Jeff Mohrenweiser looks at the increasingly sophisticated capital requirement models employed by the reinsurance industry.

The insurance industry is hurtling towards a stochastic world where capital and risk management decisions are increasingly guided by the results of thousands and thousands of scenarios. Coupling improved computer tools with regulatory directives, management teams are anxious to review modelling results of simulated natural catastrophe events or economic scenarios and to develop countering action strategies. Unfortunately, there is no recipe for creating these “rocket science” models. General principles and guidelines are promulgated but no simple solutions are available.

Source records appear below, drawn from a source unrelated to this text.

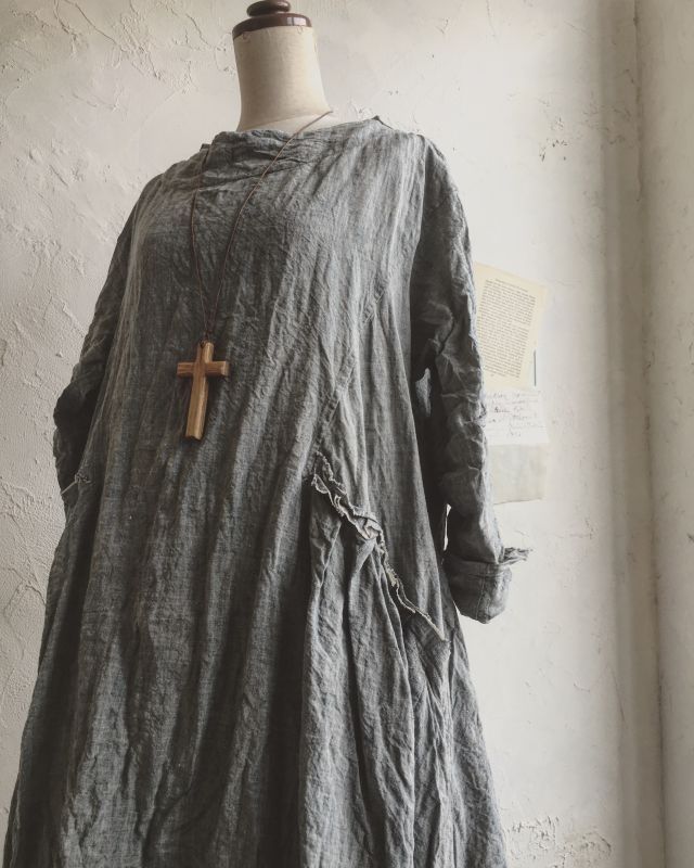 素材:コンチネンタルリネン 100%(グリーンがかったアッシュグレーダンガリーです)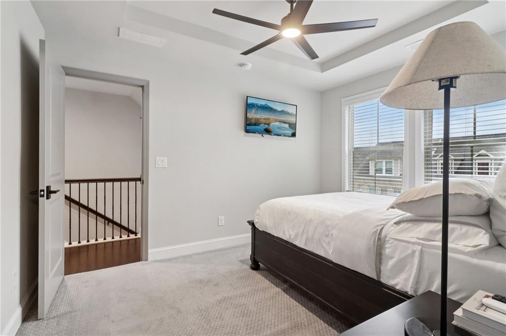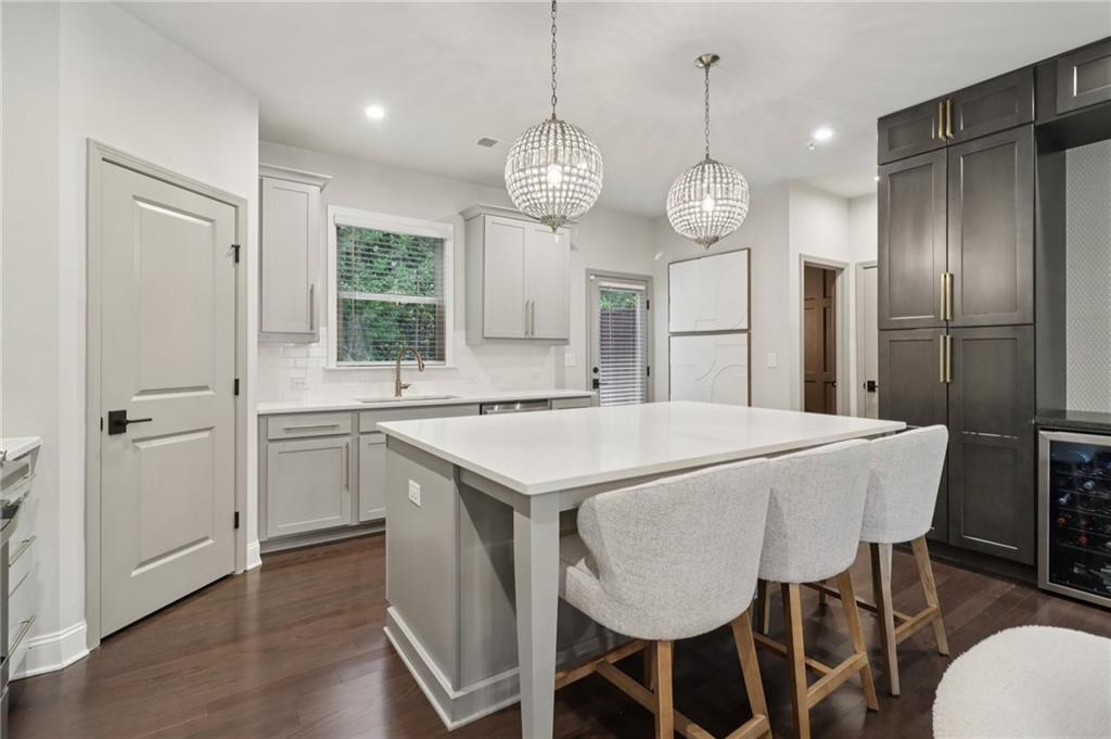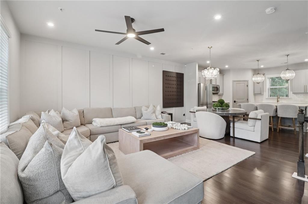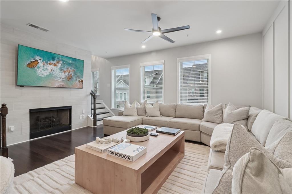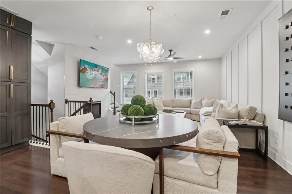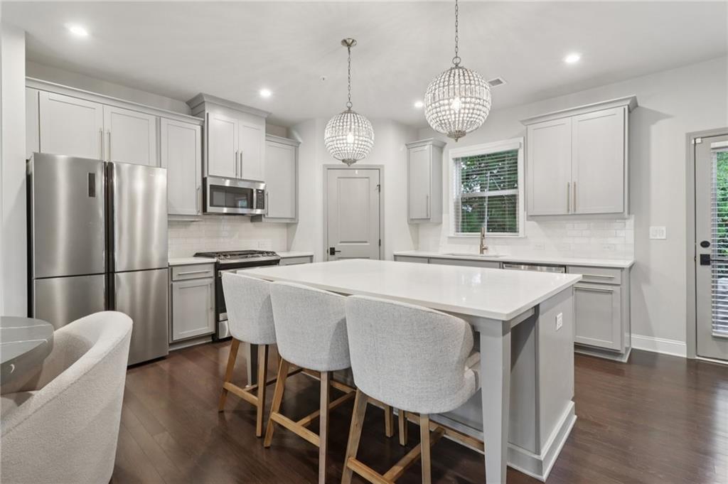 Step into this designer-finished end-unit townhome tucked away on serene Brooklyn Ct—where luxury, comfort, and everyday functionality come together seamlessly. From the moment you walk in, soaring ceilings and natural light create a bright, airy ambiance, while the fresh, neutral palette and dark wood-style flooring set the tone for sophisticated living. The open-concept main level offers a warm, inviting fireside living room that flows effortlessly into the dining space—ideal for hosting gatherings or cozy evenings at home. The beautifully designed kitchen is a true focal point, boasting quartz countertops, a custom tile backsplash, sleek stainless steel appliances, and a stylish breakfast bar with significant storage—perfect for morning coffee or casual bites. Upstairs, retreat to the expansive primary suite with vaulted ceilings, a walk-in closet with built-in storage, and bathroom featuring double vanities, LED mirror and elegant designer tilework. Two additional bedrooms each have bathrooms attached or conveniently nearby, offering flexibility and comfort for guests, a home office, or a growing household. Enjoy the functionality of a thoughtfully designed laundry area with built-in storage, as well as multiple storage closets throughout the home—plus additional attic storage to keep everything organized and within reach. Step outside to a spacious, private backyard—perfect for play, pets, or al fresco entertaining under the stars. Set in a quiet, well-maintained community with convenient access to shopping, dining, and top-rated schools, this home offers a turnkey lifestyle with timeless appeal.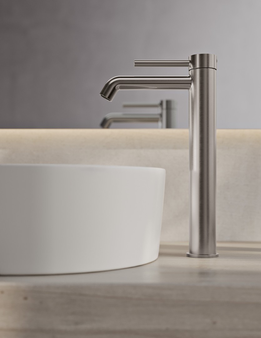 Su diseño lineal y contemporáneo, con una sección redonda, permite que la serie se adapte fácilmente a espacios diversos, desde pequeños baños privados hasta amplias áreas públicas.

As such, insurers are spending millions of dollars on solutions and the ante is rising.

The good news for investors, rating agencies and others is that these unique models focus on the particular risk drivers of each insurer. The bad news is the parameters and output of these models can vary quite substantially.Fitch reviewed several in-house capital models and noted areas of model divergence. An example occurred with two similar property casualty companies. The first focused considerable energy around asset modelling at the expense of catastrophic analysis. The second spent large amounts of time on catastrophic analysis but used factors to monitor credit risk. Incorporating other model decisions creates endless possibilities.

Fitch developed Prism, a global capital model, as a consistent platform, or risk yardstick, in analysing insurers around the world. It uses local market parameterisation, robust simulation engines employing leading actuarial methods and modern financial theory. In short, a motor insurer in France will have capital charges based on French motorist experience derived from thousands of possible scenarios.

In contrast, competing factor-based models are limited in capturing the interaction between assets and liabilities and can shoehorn parameters derived from one region into others. Extreme tail events or diversification benefits may be simplified or ignored. This “one-size-fits-all” model cannot incorporate the differences that exist between products in various countries or allow for common enterprise risk management techniques such as hedging, product redesign or reinsurance.